64-dim projection: Optimal balance (tested 32, 64, 128, 256 dimensions)
4-level depth: Enables 64^4 = 16.8M unique paths (sufficient for large codebases)
2-bit quantization: Further reduces from 64 to 4 levels per dimension

Storage Trade-offs:

JSON vs Binary: JSON chosen for git-trackability and debuggability (3-5x size acceptable)
Individual files: Enable incremental updates and git change tracking
Binary exceptions: ID index and HNSW use binary for performance-critical components

Parallel Processing Architecture

Code Indexer uses slot-based parallel file processing for efficient throughput:

Architecture:

Dual thread pool design - Frontend file processing (threadcount+2 workers) feeds backend vectorization (threadcount workers)
File-level parallelism - Multiple files processed concurrently with dedicated slot allocation
Slot-based allocation - Fixed-size display array (threadcount+2 slots) with natural worker slot reuse
Real-time progress - Individual file status visible during processing (starting → chunking → vectorizing → finalizing → complete)

Thread Configuration:

VoyageAI default: 8 vectorization threads → 10 file processing workers (8+2)
Ollama default: 1 vectorization thread → 3 file processing workers (1+2)
Frontend thread pool: threadcount+2 workers handle file reading, chunking, and coordination
Backend thread pool: threadcount workers handle vector embedding calculations
Pipeline design: Frontend stays ahead of backend, ensuring continuous vector thread utilization

Model-Aware Chunking Strategy

Code Indexer uses a model-aware fixed-size chunking approach optimized for different embedding models:

How it works:

Model-optimized chunk sizes: Automatically selects optimal chunk size based on embedding model capabilities
Consistent overlap: 15% overlap between adjacent chunks (across all models)
Simple arithmetic: Next chunk starts at (chunk_size - overlap_size) from current start position
Token optimization: Uses larger chunk sizes for models with higher token capacity

Model-Specific Chunk Sizes:

voyage-code-3: 4,096 characters (leverages 32K token capacity)
voyage-code-2: 4,096 characters (leverages 16K token capacity)
voyage-large-2: 4,096 characters (leverages large context capacity)
nomic-embed-text: 2,048 characters (512 tokens - Ollama limitation)
Unknown models: 1,000 characters (conservative fallback)
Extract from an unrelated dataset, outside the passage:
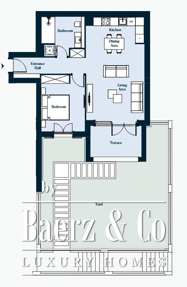 De indeling omvat een open woonkamer met geïntegreerde keuken en eetruimte, een slaapkamer, een badkamer en soepele verbindingen naar een buitenterras en mediterrane tuin met lavendel en olijf. Het interieur kenmerkt zich door ingetogen kleurstellingen, inbouwkasten tot aan het plafond en Nolte keukens met geïntegreerde apparatuur. Maatwerk meubilair, video-intercom bij de entree, vloerverwarming in de badkamer en een windvrij airconditioningsysteem onderstrepen het oog voor luxe en comfort.

Example chunking (voyage-code-3):

Chunk 1: characters 0-4095     (4096 chars)
Chunk 2: characters 3482-7577  (4096 chars, overlaps 614 chars with Chunk 1)
Chunk 3: characters 6964-11059 (4096 chars, overlaps 614 chars with Chunk 2)

Benefits:

Model optimization: Uses larger chunks for high-capacity models
Better context: More complete code sections per chunk
Efficiency: Fewer total chunks reduce storage requirements
Model utilization: Takes advantage of each model's token capacity

Full-Text Search (FTS) Architecture

CIDX integrates Tantivy-based full-text search alongside semantic search.

Performance:

1.36x faster than grep on indexed codebases
Parallel execution in hybrid mode (both searches run simultaneously)
Real-time index updates in watch mode
Storage: .code-indexer/tantivy_index/

FTS Incremental Indexing (v7.2+):

FileFinder integration: 30-36x faster rebuild (6.3s vs 3+ minutes)
Incremental updates: Tantivy updates only changed documents
Automatic detection: Checks for meta.json to detect existing index

Git History Search (Temporal Indexing)

CIDX can index and semantically search entire git commit history:

What Gets Indexed:

Commit messages (full text, not truncated)
Code diffs for each commit
Commit metadata (author, date, hash)
Branch information

Query Capabilities:

Search entire git history semantically
Filter by time ranges (specific dates or --time-range-all)
Filter by chunk type (commit_message or commit_diff)
Filter by author
Combine with language and path filters

Use Cases:

Code archaeology - when was code introduced
Bug history research
Feature evolution tracking
Author code analysis

MCP Protocol Integration

Protocol Version: 2025-06-18 (Model Context Protocol)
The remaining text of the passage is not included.